For the three months ended December 31, 2022, non-interest income totaled $902 thousand, an increase of $238 thousand, or 35.8%, from the three months ended December 31, 2021. The increase was primarily due to a $300 thousand net gain on the sale of premises and equipment associated with the sale of two properties with a total carrying value of $1.5 million that were transferred to the held for sale classification during the three months ended June 30, 2022.

For the six months ended December 31, 2022, non-interest income totaled $1.2 million, a decrease of $185 thousand, or 13.5%, from the six months ended December 31, 2021. The decrease was primarily due to a $359 thousand increase in the unrealized loss on equity securities and a $62 thousand net gain on the sale of securities recorded during the six months ended December 31, 2021, partially offset by the previously discussed $300 thousand net gain on the sale of premises and equipment recorded during the three months ended December 31, 2022.

Non-interest Expense

For the three months ended December 31, 2022, non-interest expense totaled $5.7 million, an increase of $821 thousand, or 17.0%, from the three months ended December 31, 2021. The increase in non-interest expense was primarily due to a $426 thousand increase in salaries and employee benefits due to annual merit increases and a $351 thousand increase in employee stock-based compensation expense associated with the Company's 2022 Equity Incentive Plan. The increase in non-interest expense can also be attributed to a $181 thousand increase in occupancy and equipment expense associated with new branch locations in Doylestown, Pennsylvania and Hamilton Township, New Jersey that were opened during the three months ended December 31, 2021. In addition, the increase in non-interest expense can be attributed to a $104 thousand increase in director stock-based compensation expense associated with the Company's 2022 Equity Incentive Plan. During the three months ended September 30, 2022, the Company made a strategic decision to close the Bank's branch office located in Collingswood, New Jersey and to consolidate the deposits from this branch office into the Bank's Audubon, New Jersey branch office after assessing the branch's profitability and its close geographic proximity to the Audubon, New Jersey branch location. The branch office located in Collingswood, New Jersey was closed effective December 31, 2022.

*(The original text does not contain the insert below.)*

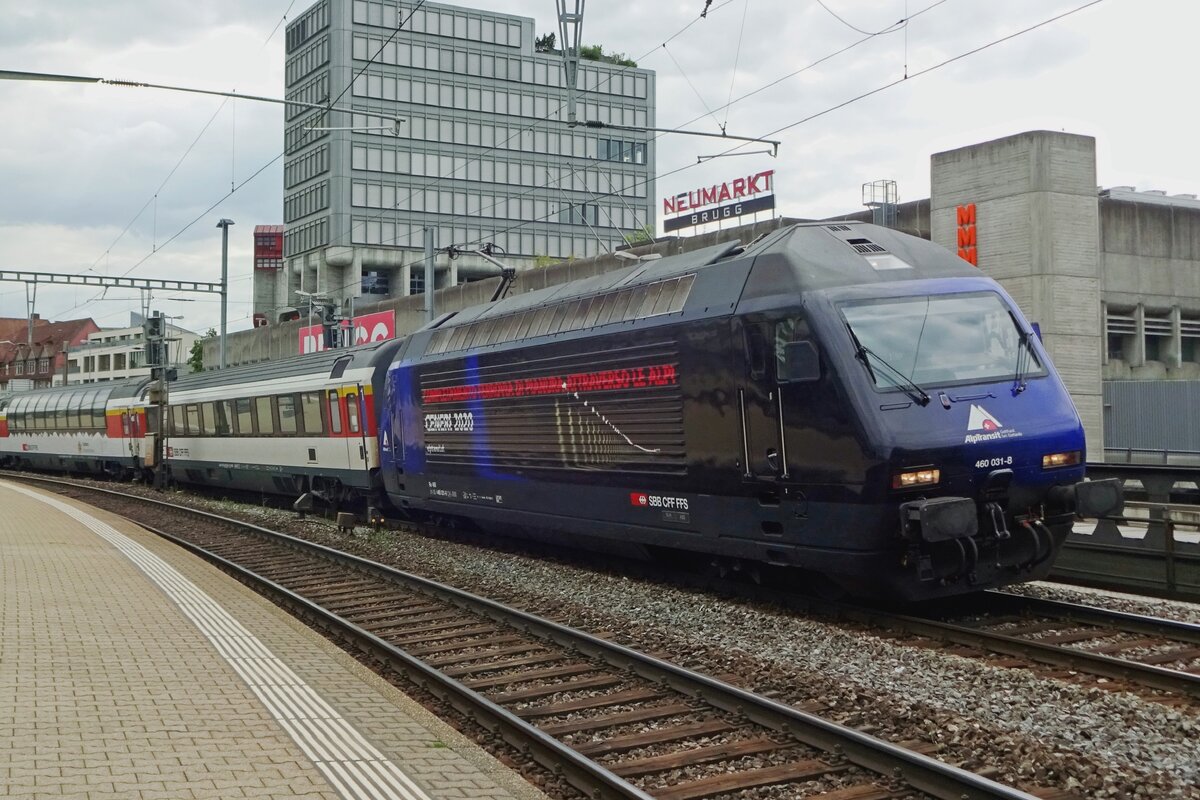Geführt von einer SBB Re 460 erreicht der, aus 10 Dosto-Wagen bestehende IC 8 nach Brig, am 11.07.2022 den Bahnhof Spiez.

For the six months ended December 31, 2022, non-interest expense totaled $11.2 million, an increase of $1.5 million, or 15.6%, from the six months ended December 31, 2021. The increase in non-interest expense was primarily due to a $955 thousand increase in salaries and employee benefits due to annual merit increases and a $702 thousand increase in employee stock-based compensation expense associated with the Company's 2022 Equity Incentive Plan. The increase in non-interest expense can also be attributed to a $294 thousand increase in occupancy and equipment expense associated with new branch locations in Doylestown, Pennsylvania and Hamilton Township, New Jersey that were opened during the three months ended December 31, 2021. In addition, the increase in non-interest expense can be attributed to a $244 thousand increase in director stock-based compensation expense associated with the Company's 2022 Equity Incentive Plan.

Income Taxes

For the three months ended December 31, 2022, the Company recorded a provision for income taxes of $217 thousand, reflecting an effective tax rate of 17.0%, compared to a provision for income taxes of $180 thousand, reflecting an effective tax rate of 13.3%, for the same period in 2021. The increase in the provision for income taxes and the effective tax rate during the three months ended December 31, 2022, compared to the same period in 2021, can primarily be attributed to a $53 thousand income tax benefit recorded during the three months ended December 31, 2021 related to refunds received associated with the carryback of net operating losses under the Coronavirus Aid, Relief, and Economic Security ("CARES") Act.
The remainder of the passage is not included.